→ Task details
Please tell how many of the lines below contain "these", using only a number.

→ Material shown

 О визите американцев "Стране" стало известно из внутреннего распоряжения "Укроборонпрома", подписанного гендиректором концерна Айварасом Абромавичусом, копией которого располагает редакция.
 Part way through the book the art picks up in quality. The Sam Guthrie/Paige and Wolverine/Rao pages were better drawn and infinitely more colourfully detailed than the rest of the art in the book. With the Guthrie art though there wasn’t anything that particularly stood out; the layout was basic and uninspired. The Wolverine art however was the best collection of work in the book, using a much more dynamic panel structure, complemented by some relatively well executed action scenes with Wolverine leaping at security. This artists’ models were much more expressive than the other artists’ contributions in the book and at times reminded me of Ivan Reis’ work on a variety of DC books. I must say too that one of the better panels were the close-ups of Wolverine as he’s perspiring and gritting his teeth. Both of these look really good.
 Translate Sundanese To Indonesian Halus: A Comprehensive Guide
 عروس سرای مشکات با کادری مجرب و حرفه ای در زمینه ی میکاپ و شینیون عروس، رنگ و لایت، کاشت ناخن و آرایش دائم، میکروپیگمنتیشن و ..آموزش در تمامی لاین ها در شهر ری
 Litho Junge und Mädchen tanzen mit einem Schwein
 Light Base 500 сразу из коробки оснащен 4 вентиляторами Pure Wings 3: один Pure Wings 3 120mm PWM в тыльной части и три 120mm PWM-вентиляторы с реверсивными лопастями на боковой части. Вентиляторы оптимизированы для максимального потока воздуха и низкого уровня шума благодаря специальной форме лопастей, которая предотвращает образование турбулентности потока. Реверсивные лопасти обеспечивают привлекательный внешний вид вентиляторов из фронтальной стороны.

---

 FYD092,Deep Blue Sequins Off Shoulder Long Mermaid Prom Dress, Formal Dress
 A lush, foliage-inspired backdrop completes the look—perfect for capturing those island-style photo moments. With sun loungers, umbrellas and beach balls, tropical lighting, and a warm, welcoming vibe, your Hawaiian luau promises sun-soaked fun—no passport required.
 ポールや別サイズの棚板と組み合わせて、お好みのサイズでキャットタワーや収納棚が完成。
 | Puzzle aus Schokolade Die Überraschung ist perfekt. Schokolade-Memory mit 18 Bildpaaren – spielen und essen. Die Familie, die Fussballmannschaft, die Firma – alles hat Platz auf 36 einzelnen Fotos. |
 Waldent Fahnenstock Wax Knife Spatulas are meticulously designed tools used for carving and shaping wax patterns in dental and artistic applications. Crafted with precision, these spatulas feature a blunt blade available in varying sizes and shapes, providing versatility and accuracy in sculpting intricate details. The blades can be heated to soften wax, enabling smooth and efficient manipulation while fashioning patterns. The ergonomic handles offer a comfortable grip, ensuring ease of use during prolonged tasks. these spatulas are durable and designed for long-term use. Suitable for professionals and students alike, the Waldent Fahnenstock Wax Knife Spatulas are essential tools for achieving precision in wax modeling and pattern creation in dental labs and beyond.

→ Finished task
2